Atlantic BT: Our Thoughts

May 14 , 2009

Are You Working for Google?

by Jon Jordan

By the normal definition of employment Google has over 20,000 employees worldwide, but by another definition their ranks probably reach the hundreds of thousands. If you run an online business and use pay-per-click (PPC) advertising you might be working for Google and just haven’t realized it yet.

There are many businesses who find themselves in the pay-per-click trap and at the end of the day most of their profits are paid to Google for the advertising they rely on to sustain their businesses. Getting to the bottom of this “pay-per-click trap” and how you could be working for Google will take a little explanation.

Media outlets and other sources of advertising have always charged based on the number of impressions/viewers/listeners/readers and set their pricing based on what the market will bear. So what’s wrong with that?  Well, traditional media is different from Internet advertising, specifically the pay-per-click model and how it affects pricing and competition, and this changes everything. (check out “Do We All Work for Google?“)

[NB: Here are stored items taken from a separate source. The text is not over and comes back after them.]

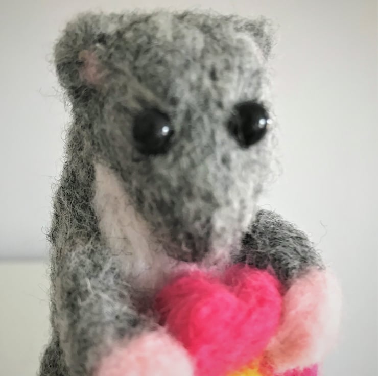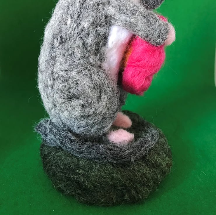 Little grey mouse , 13 cm high with the biggest pink flower she could find . Needle felted onto a felted base.
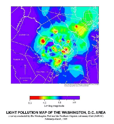 Bill Burton of the Northern Virginia Astronomy Club and the Washington Post documented Sky Glow in the Washington DC metro area.
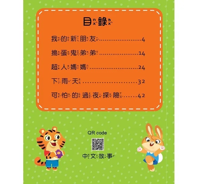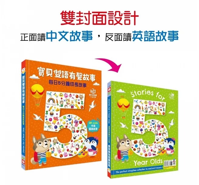 雙封面設計,從正面翻開讀中文故事,從背面翻開讀英語故事,培養孩子閱讀專注力。而聽音、辨音、仿音是所有語言學習的重要基礎,不論是母語或外語都可以從「語音啟發」開始,聆聽故事就是最好的方式,讓孩子奠定好的語感,自然而然引起學習興趣。
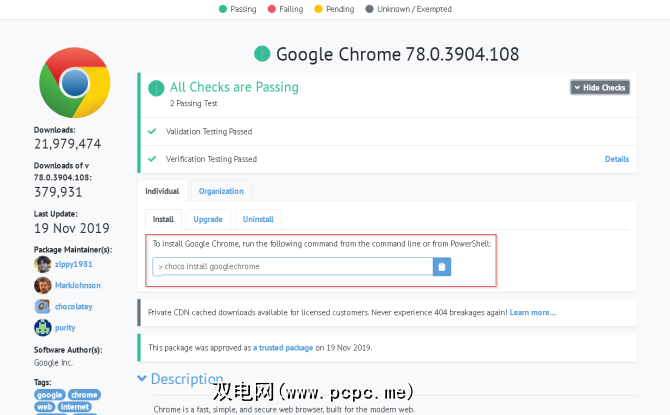 导航到Chocolatey Package网站并搜索该应用程序。请注意安装该应用程序的命令行指令。
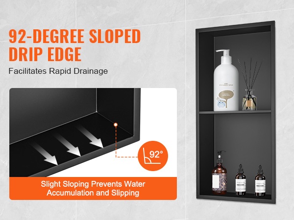 92° sisäkulma ja loiva kaltevuus ohjaavat veden nopeasti pois pinnalta. Tämä auttaa pitämään veden virtauksen tasaisena ja ehkäisee liukkaita kohtia suihkualueella.
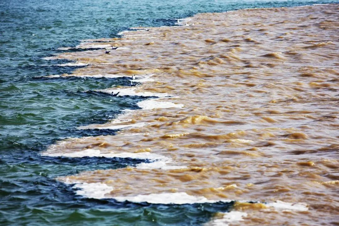 当然最让人期待的,当属“黄蓝交汇”的奇观。乘船自黄河口旅游码头顺流而下,至黄河与大海交汇处,可见淡青的天、浑黄的河、碧蓝的海、雪白的浪浑然相合,举世无双。这是独属于东营、独属于黄河口的奇观。
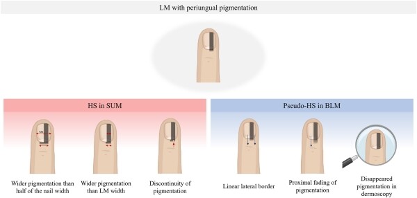 악성 흑색종에 의한 허친슨 징후는 ▲손발톱 너비의 절반을 넘는 넓은 색소침착 ▲기존 흑색선조보다 넓은 색소침착 ▲불연속적인 색소침착이라는 특징을 보였다. 반면 양성 질환의 가성 허친슨 징후는 ▲직선 형태의 측면 경계 ▲근위부로 갈수록 색이 옅어짐 ▲피부확대경(Dermoscopy) 관찰 시 사라지는 색소침착이라는 상이한 패턴을 나타냈다.
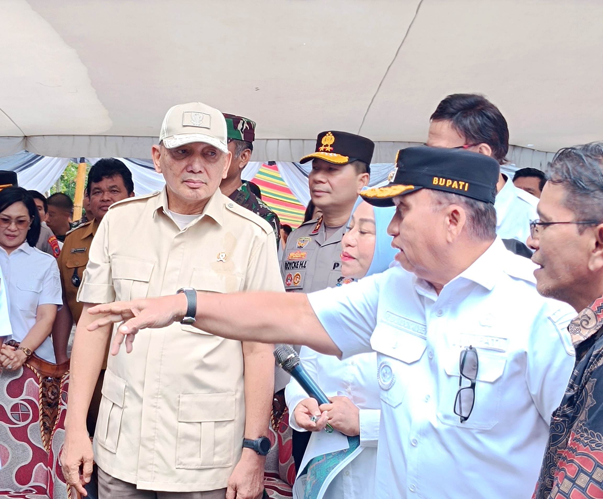 JEJAKSULUT.COM, Minahasa – Bupati Minahasa Robby Dondokambey mendampingi langsung Menteri Pertahanan RI Letjen TNI (Purn) Sjafrie Sjamsoeddin saat meninjau lokasi pembangunan SMA Unggulan Garuda Nusantara.
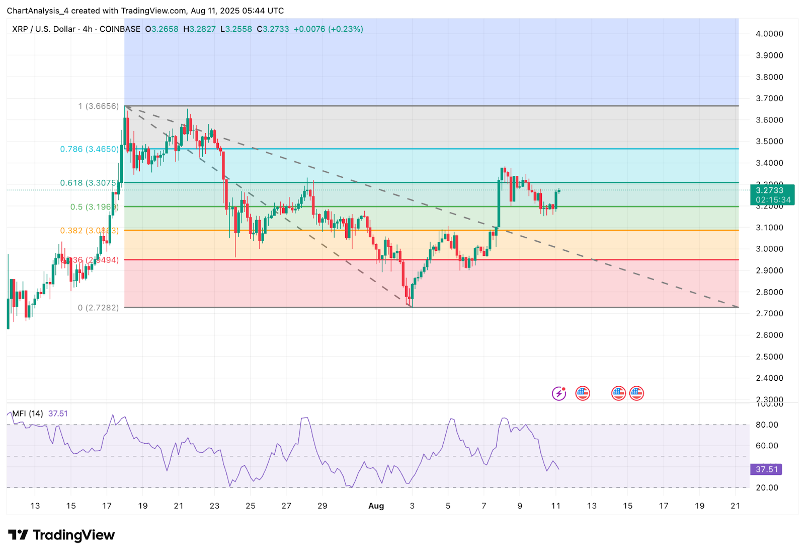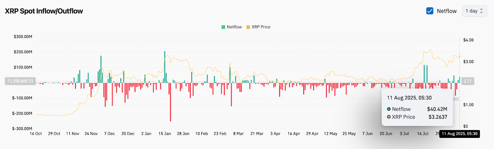Spot netflows on August 11 came in at +$40.42M, which signals fresh capital during this rebound. Liquidity sits above at $3.4650 and at the prior high near $3.6656. On the downside, liquidity pools are near $3.0933 and deeper at $2.72, which aligns with the 0 percent Fibonacci mark.
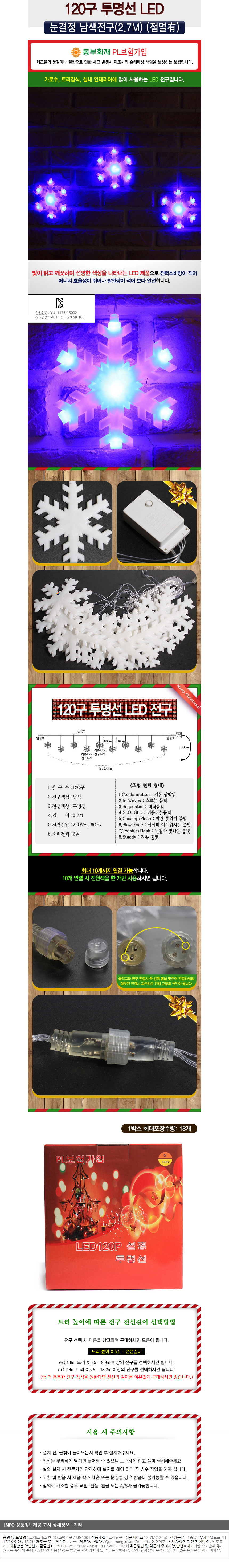 120구 투명선 LED 눈결정 남색전구(2.7M) (전원잭포함) (연결가능) 이미지/

Let’s step back and explore the basic economics behind PPC advertising and its relationship to Internet commerce. PPC advertising is setup in a bid/auction model where the more you are willing to pay, the higher your ad will be placed in the sponsored results for your target keywords. Using free-market economic principals you would assume that over time competition for these keywords will naturally increase the cost per click. So again, what’s wrong with that? What’s wrong is that the very nature of the Internet permits hyper-competition, therefore creating sustainable profit in markets where significant barriers to entry or competitive advantage do not exist is virtually impossible.

circuitcityUsing a recent headline bankruptcy to illustrate the point, Circuit City for most of its life was a 100% traditional retailer, it had physical locations, sales people on the floor, and used lots of traditional advertising to bring customers in the door. If someone wanted to compete with them they had to also have a physical location, sales people, and use traditional advertising to bring customers in the door. So at least on the surface Circuit City and any competition that entered the market such as Best Buy would face similar challenges and would expect a reasonable profit margin to make the creation of the enterprise worthwhile. If there are already a couple of competitors in the market that aren’t making unreasonable profits or running inordinately sloppy operations, it’s unlikely that would-be competitors would jump into the fray lightly.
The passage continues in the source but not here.